→ **Source data**:
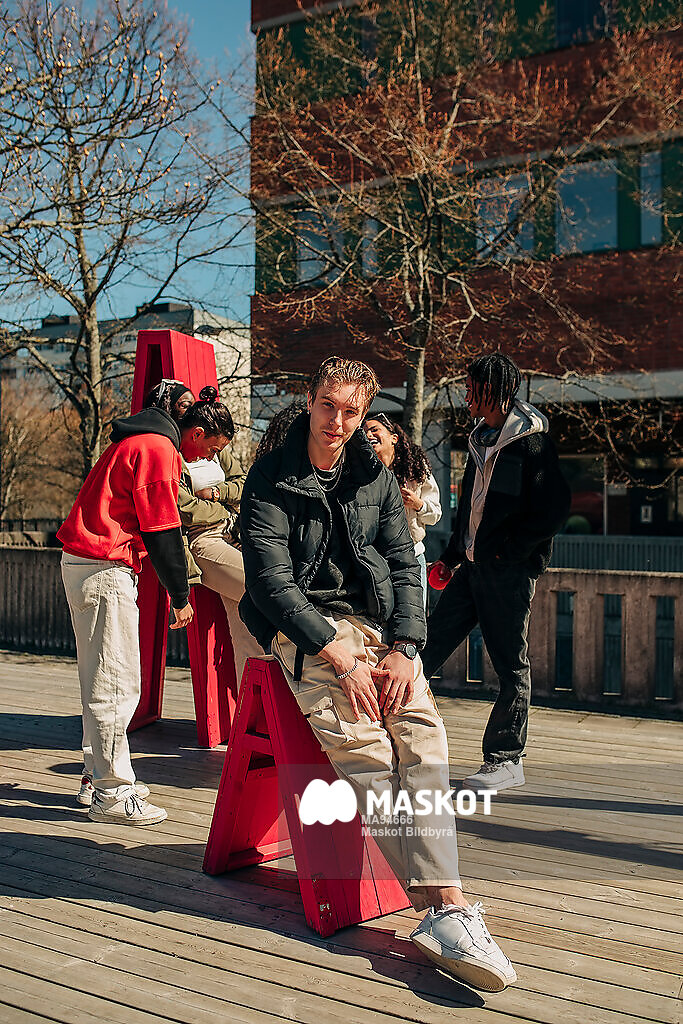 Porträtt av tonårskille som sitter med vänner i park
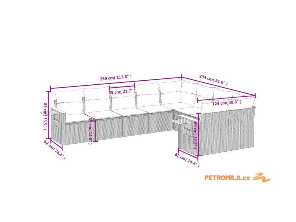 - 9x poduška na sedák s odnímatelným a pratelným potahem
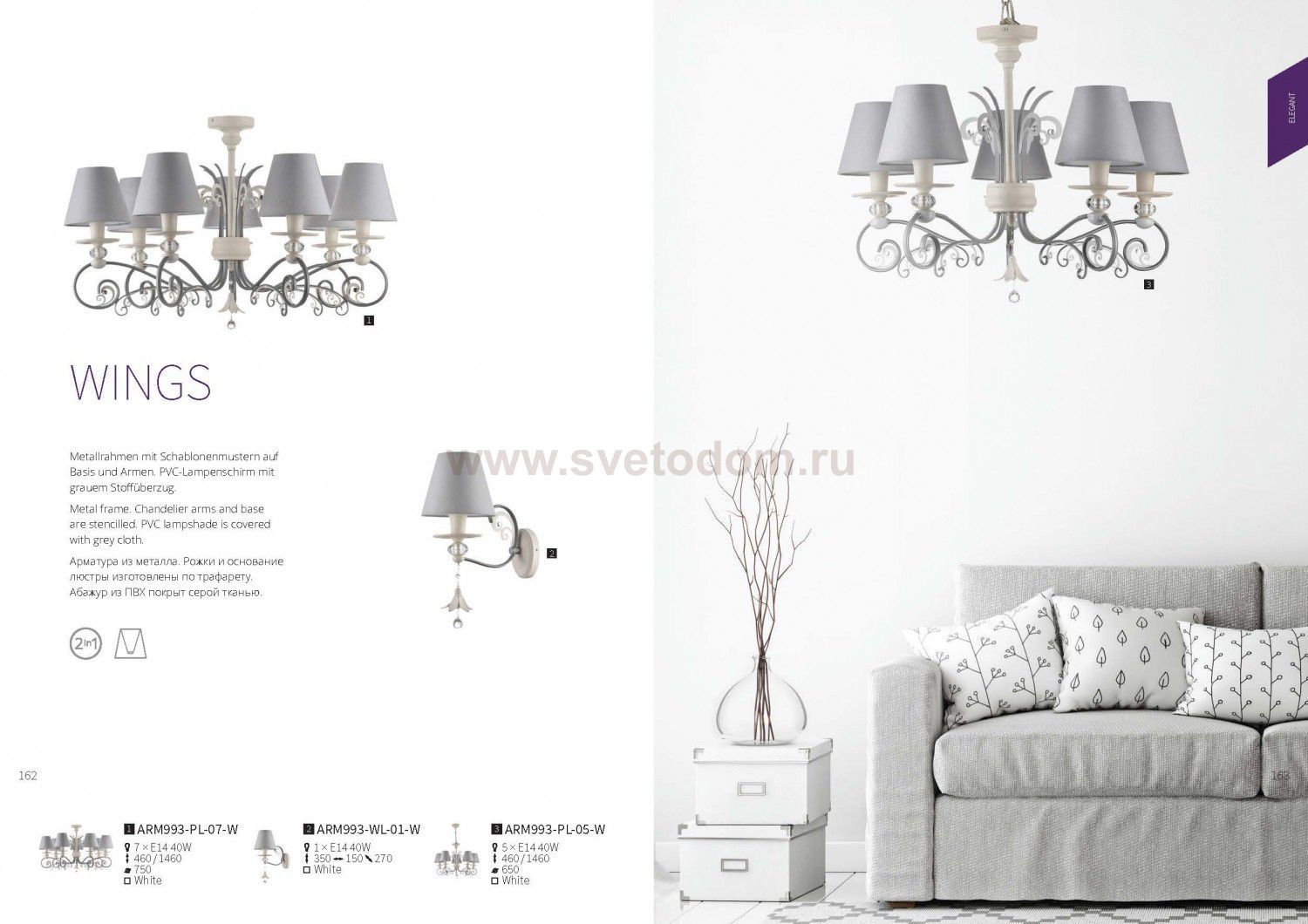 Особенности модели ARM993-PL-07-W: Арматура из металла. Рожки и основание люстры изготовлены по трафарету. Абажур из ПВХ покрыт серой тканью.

==

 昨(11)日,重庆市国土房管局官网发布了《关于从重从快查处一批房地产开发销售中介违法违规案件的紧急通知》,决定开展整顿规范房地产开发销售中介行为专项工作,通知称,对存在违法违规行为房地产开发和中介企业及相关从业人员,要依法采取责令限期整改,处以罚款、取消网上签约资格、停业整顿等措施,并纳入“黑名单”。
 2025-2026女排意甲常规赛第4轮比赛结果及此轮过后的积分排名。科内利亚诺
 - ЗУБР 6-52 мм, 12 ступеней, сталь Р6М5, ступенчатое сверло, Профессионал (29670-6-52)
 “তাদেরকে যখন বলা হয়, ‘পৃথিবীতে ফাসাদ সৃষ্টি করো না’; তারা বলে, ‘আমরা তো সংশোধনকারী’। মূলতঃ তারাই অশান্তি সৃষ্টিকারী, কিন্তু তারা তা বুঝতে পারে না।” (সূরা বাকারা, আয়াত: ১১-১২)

→ **What is needed**:
Taking the lines above, repeat exactly those from the line that contains "昨(11)日,重庆市国土房管" through the line that contains "বাকারা, আয়াত: ১১-১২)", and both of those lines as well. Include nothing else.

→ **Answer**:
 昨(11)日,重庆市国土房管局官网发布了《关于从重从快查处一批房地产开发销售中介违法违规案件的紧急通知》,决定开展整顿规范房地产开发销售中介行为专项工作,通知称,对存在违法违规行为房地产开发和中介企业及相关从业人员,要依法采取责令限期整改,处以罚款、取消网上签约资格、停业整顿等措施,并纳入“黑名单”。
 2025-2026女排意甲常规赛第4轮比赛结果及此轮过后的积分排名。科内利亚诺
 - ЗУБР 6-52 мм, 12 ступеней, сталь Р6М5, ступенчатое сверло, Профессионал (29670-6-52)
 “তাদেরকে যখন বলা হয়, ‘পৃথিবীতে ফাসাদ সৃষ্টি করো না’; তারা বলে, ‘আমরা তো সংশোধনকারী’। মূলতঃ তারাই অশান্তি সৃষ্টিকারী, কিন্তু তারা তা বুঝতে পারে না।” (সূরা বাকারা, আয়াত: ১১-১২)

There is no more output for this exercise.